Inline mepps or blue fox spinners #2 to #4 in Silver or Orange(they prefer mepps for some reason)
Zara Spooks or Spit n Images in bullfrog or Tennesee Shad
Sluggo/flukes/any softplastic 6" jerkbait in chartreuse or shad color
mini spinner baits
4" shad bodies on jigheads
bright colored soft plastic lizards etc.
hmmm.... a few others that I can't think of worked well too.
Skitter weedless rigged softplastic on lily pads and then let them fall off the edge of the bed if you haven't gotten a hit already and if there is one there, wham!
Throw topwaters into coves, nooks in weed beds etc let it until the ripples settle, then a few walk the dog maneuvers and wham!
Throw inline spinners in open water or along weed edges. Keep your rod tip up and close the bail as soon as it hits the water and get your slack in, or else you'll be snagged in weeds. You want to keep your spinner just under the surface enough that it makes a very slight disturbance or bulge in the surface... I mean slight, not a big wake.
Use spinnerbaits and 4" shads in the deep weeds, like the cabbage weeds at the far end. Cast out, let sink 6-8 feet, retrieve and if you feel slightly caught up on some cabbage, gently jiggle it, let it sit for a few seconds, then work the lure free gently and the big fellas will snap it up once it is free of the weeds.
The softplastic jerkbaits like sluggos and flukes are the most universal lure. You can't go wrong with them except in deep water.... just add some insert weights or a few split shots to your line. Even a mepps comet attatched to an offset worm hook rigged with most any softplastic can be deadly, especially in early may when the fish aren't active and you need to get down and work your lures slow.
I would highly recommend using only one treble on your hardbaits or at least cutting 1 of the 3 points of each treble. Lures with 3 sets of trebles are big no no for pickerel. Bad for the fish and bad for you when trying to unhook a wiggly ol pickerel. Jaw spreaders are a must. Liquidation world had some nice ones for cheap... or you can make your own with some thick wire.

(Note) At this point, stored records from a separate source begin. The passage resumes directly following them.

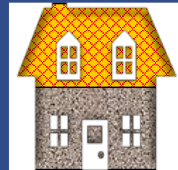
■ Horizonti ■ HFH Macedonia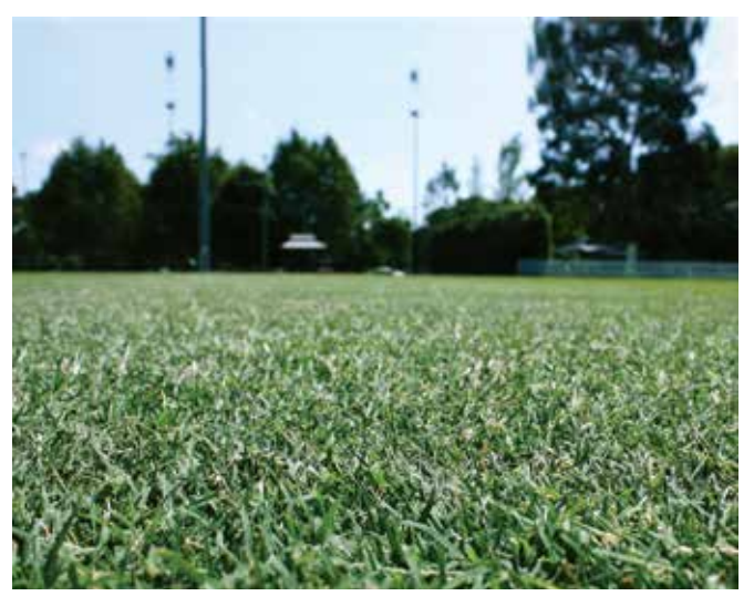
Sports field application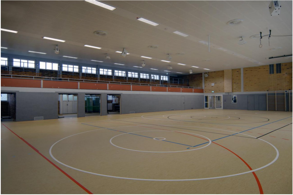
sports and multipurpose hall Duisdorf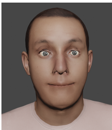
Figure 4: Better facial expressions achieved using FLAME (Li et al., 2017)

philosophy of using a template mesh but generate better facial expressions since their models also account for other parameters such as stretching of skin and underlying muscles. This is demonstrated in figure 4 where the expression was generated manually using the first 100 principle components of the FLAME model. However, this generation can be automated using a flame-compatible recognition technique such as EMOCA Daněček et al. (2022). Another potential area of improvement could be the automatic creation of motion templates from retargeted facial motion capture data, thus adding much more detail to the interpolations.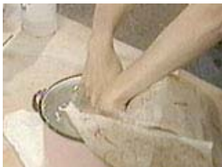
Wet the paper

Next, mix up the epoxy and glue a curly willow branch into each of the holes using epoxy. Also, wear latex gloves to keep the epoxy off your hands because the hardening compounds in it can be corrosive to skin. Use some fine wire to tie the branches together while the epoxy sets up; it'll keep them upright. Clean up any glue squeeze-out with acetone or nail polish remover. You can also spread some of the drilling dust on the tacky squeeze-out to disguise it.

Ritchie lake can be a great pickerel lake as long as everyone releases and handles the fish carefully. When I stopped fishing it regularly, there was more pressure, more old farts keeping multiple pickerel and you would find dead pickerel ashore more often. Needless to say, the fishing was not as good. Also, I don't think people had much luck in the lake when I used to fish it every day as a young teenager because I kept all the pickerel's mouths sore!
Oh ya, don't use a thick steel leader. I rarely lost pickerel if I used a black snap swivel. A piece of thick mono or ultrathin black wire leaders are a good alternative for those who have to have a leader. They can be leader shy, don't kid yourself, they aren't as dumb as you might think, although I've seen them jump into the boat while going after a lure.
I've caught my largest (28.5") and some of my other biggest pickerel on 4lb test, no leader or snapswivel... and I've also lost big ones that chewed through 40lb mono leaders.
Anytime you see baby pickerel jumping out of the water (they make multiple leaps often times to avoid large pickerel), cast to that spot as there is a hungry pickerel waiting. I've seen large pickerel attack hooked fish that are 18" long and have caught 24" pickerel with bite marks wider than their own in Ritchie lake.
Bigfish is right about reducing the number of hooks on your tebbles while fishing pickerel, especially if you hook onto a big one. That's why I prefer using a spinnerbait as he mentioned above. I've only started fishing for them this year for the first time, and honestly I've caught them on pretty much everything except small stuff, but I've caught maybe 80% of them on spinnerbaits, and mostly the yellow/chartreuse skirt ones. (I've caught nearly 100 pickerel so far this year in NB and NS, but I haven't fished in Ritchie lake yet).